Como todas las invenciones disruptivas, la WWW se basó en tecnologías anteriores, en este caso la propia red Internet y el ingenioso sistema de hipertexto. Recuerdo asistir a una presentación de Apple en Madrid en el año 1985. Desde mi Agencia de Publicidad en Cartagena, fui una de las primeras empresas del sector en hacerme con un trío e ordenadores Mackintosh, que se habían lanzado al mercado justo el año anterior. Los “camotos”, como fueron bautizados cariñosamente por sus primeros usuarios, facilitaban mucho la composición de textos para anuncios en soportes gráficos. En esa reunión se visionó un vídeo en el se anunciaba un futuro con la revolucionaria tecnología del hipertexto, aún antes de la popularización de Internet. Cuando ambas tecnologías -hipertexto e internet- se combinaron para enlazar contenidos sobre un documento online de un extremo a otro del planeta, se abrió un campo infinito para un ecosistema que semeja una biblioteca universal a cuyo contenidos se accede a la velocidad de la luz haciendo clicks.

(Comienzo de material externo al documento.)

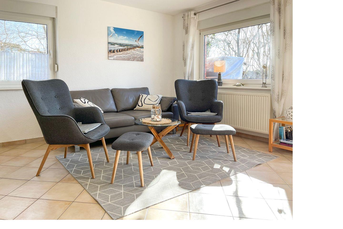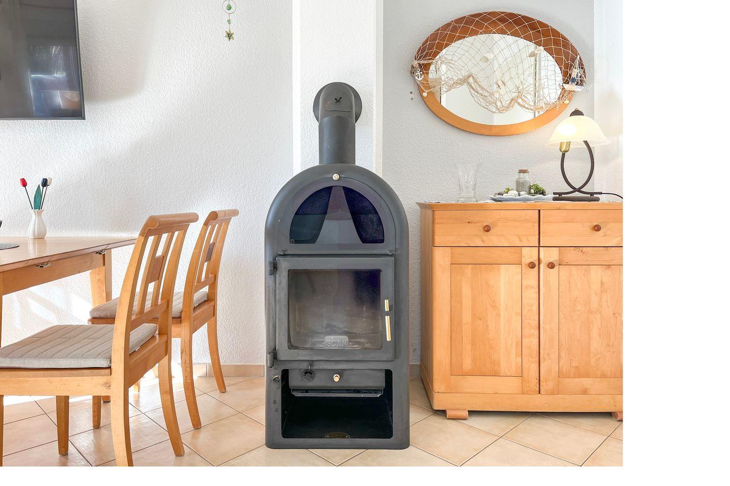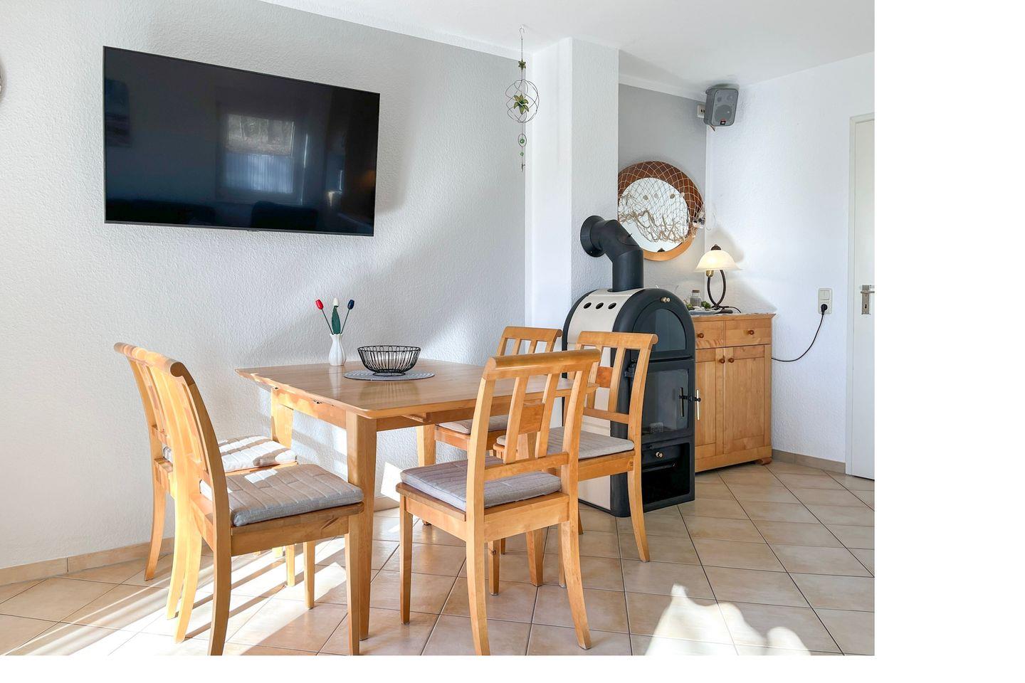 Im Erdgeschoss befindet sich das gemütliche Wohnzimmer – mit seiner gemütlichen Sitzecke und dem Kamin bietet es die besten Voraussetzungen für einen entspannten Urlaub. Neben einem großen Flatscreen -TV ( 40 Zoll ) sorgt eine hochwertige Stereoanlage der Marke Bose für Unterhaltung.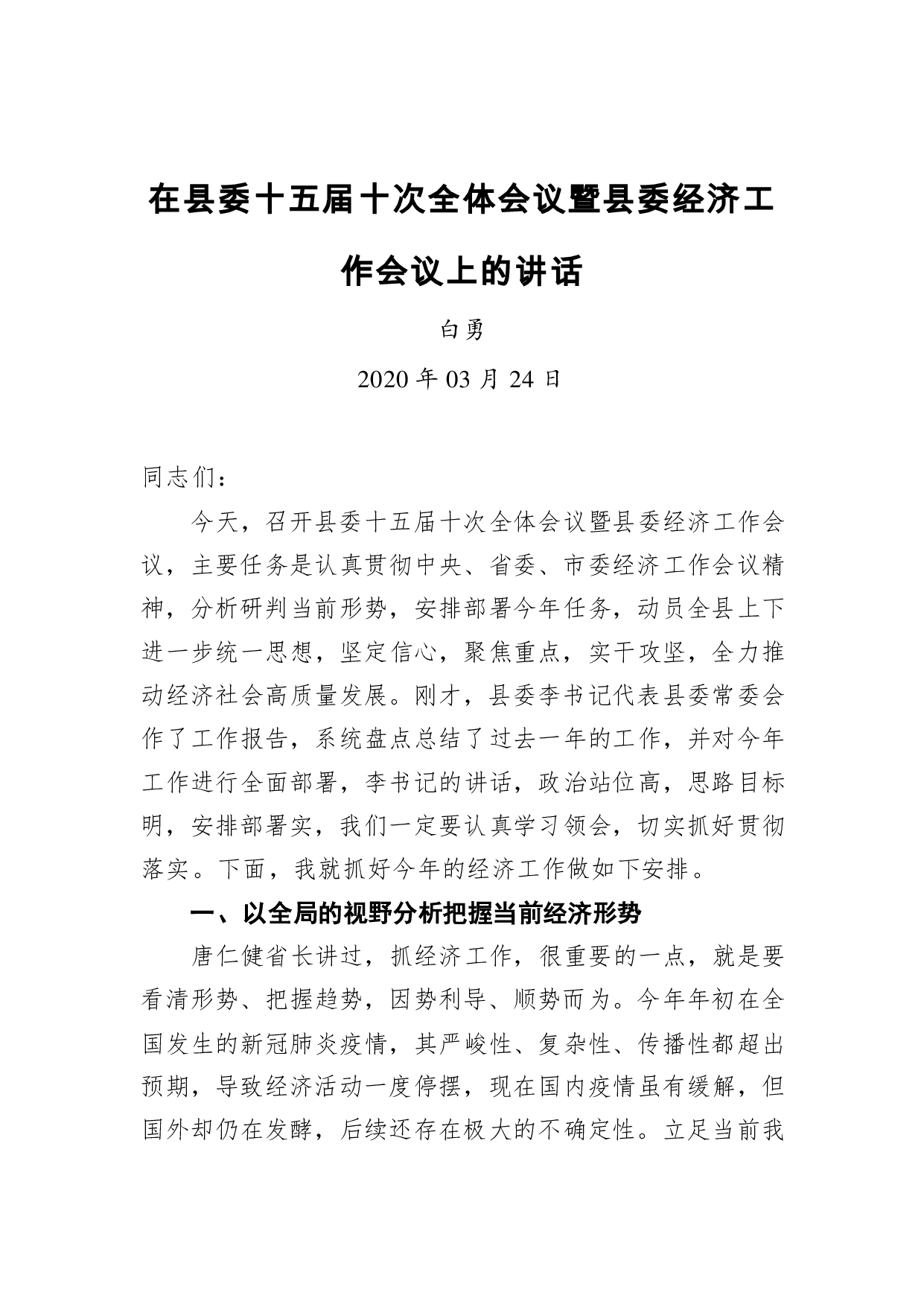 标题:白勇:在县委十五届十次全体会议暨县委经济工作会议上的讲话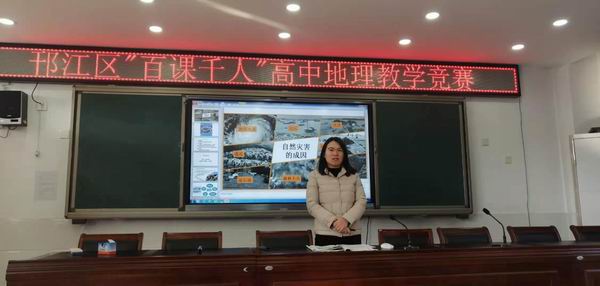 来自区内5所学校的6名选手通过层层选拔参加了此次说上课比赛。参赛选手们准备充分,他们在12月25日上午8点前到达公道中学,抽签比赛顺序号并取回说上课的课题《自然灾害的成因》进行准备。参赛课精彩纷呈,各有特色,6位选手老师充分发挥了自己的实力,展示了扎实的教学基本功和较好的地理学科素养。
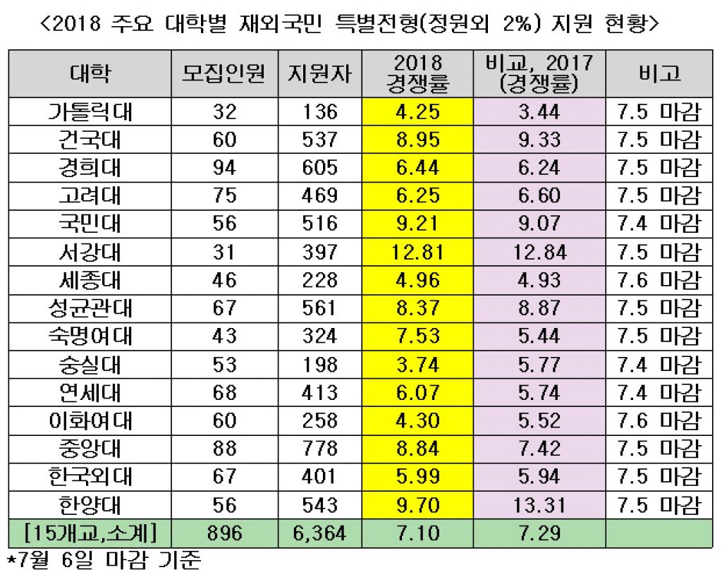 [아시아경제 조인경 기자] 서울 주요 15개 대학의 재외국민 특별전형(정원외 2%) 경쟁률이 지난해보다 소폭 하락했다. 반면 외국에서 초·중·등 과정을 모두 마쳐야 하는 '초·중·고 전 교육과정 해외이수자 전형'는 지원자가 크게 늘어났다.8일 종로학원하늘교육에 따르면 고려대, 연세대, 성균관대 등 15개 대학이 지난 6일까지 마감한 재외국민 특별전형 지원원서 접수 결과, 896명을 선발하는 중·고교 과정 해외이수자 전형에 6364명이 지원한 것으로 나타났다. 경쟁률은 7.10대 1로 지난해 7.29대 1보다 소폭 낮아졌다. 대학별로는 서강대의 경쟁률이 12.81대 1로 가장 높았고 이어 한양대 9.70대 1, 국민대 9.21대 1, 건국대 8.95대 1 등의 순이었다. 특히 올해는 건국대와 고려대(6.25대 1), 서강대, 성균관대(8.37대 1), 숭실대(3.74대 1), 이화여대(4.30대 1), 한양대 등이 지난해와 비교해 경쟁률이 떨어졌다.일명 '3년 특례' 전형이라 불리는 중·고교 과정 해외이수자 전형은 고등학교 1년을 포함해 중·고교과정 중 3년 이상의 과정을 외국에서 이수한 학생을 선발한다. 2018학년도에는 정원외 2% 모집을 기준으로 전국 4년제 대학 가운데 연세대와 고려대, 성균관대, 한양대 등 133개교(캠퍼스는 본교에 포함하여 산출)에서 모두 4519명을 선발한다. 반면 모집인원 제한이 없는 초·중·고 전 교육과정 해외이수자, 일명 '12년 특례' 전형의 경우 가톨릭대와 건국대, 경희대, 국민대, 서강대, 성균관대, 숙명여대, 연세대, 이화여대, 중앙대, 한양대 11개에 모두 3214명이 지원했다. 지난해 2841명보다 13.1%(373명) 증가한 규모다.대학별로는 연세대가 634명(전년도 576명·58명 증가)으로 가장 많았고, 성균관대 610명(520명·90명 증가), 중앙대 487명(396명·91명 증가), 한양대 467명(428명·39명 증가), 경희대 307명(237명·70명 증가), 서강대 283명(281명·2명 증가) 등이었다.이처럼 12년 특례 전형 지원자 수가 증가한 것은 3년 특례 전형과는 달리 모집인원의 제한이 없어 합격 가능성이 큰 데다 이전보다 초중고 전 과정을 해외에서 이수한 학생들의 수가 늘어났기 때문으로 풀이된다.이들 재외국민 특별전형은 동일 학년도를 기준으로 수시모집에 6회까지만 지원이 가능하다. 재외국민과 외국인(2% 이내), 북한이탈주민 전형은 대학교육협의회가 2018학년도 대입 전형 일정으로 공지한 수시 및 정시 전형 일정에 따르지만, 부모 모두 외국인인 외국인, 전 교육과정 이수자 모집은 대학 자율로 실시한다. 재외국민 2% 이내(중·고교 과정 해외 이수) 전형과 새터민 전형 등은 대체로 1단계 서류평가, 2단계는 면접 또는 필답고사를 실시해 최종 합격자를 선발한다.조인경 기자 ikjo@asiae.co.kr<ⓒ세계를 보는 창 경제를 보는 눈, 아시아경제(www.asiae.co.kr) 무단전재 배포금지>

La World Wide Web puso los cimientos para crear en internet una página de Agencia con información corporativa. Inicialmente no pasaba de ser un dossier corporativo con texto y escasas imágenes, debido a la escasa velocidad de la red para transmitir contenidos multimedia. La programación de las Webs se hacía a base de código, y pocas Agencias podían presumir de tener una Web funcional. El desarrollo de futuras versiones de la Web, junto con el aumento de la velocidad y capacidad de transmisión, sentó las bases para lo que se denominaron Agencias inmobiliaria virtuales. La conexión de la web corporativa con la base de datos de inmuebles contenidos en el CRM abrió las puertas para soñar con las Proptech, Agencias inmobiliarias que carecían de oficina física.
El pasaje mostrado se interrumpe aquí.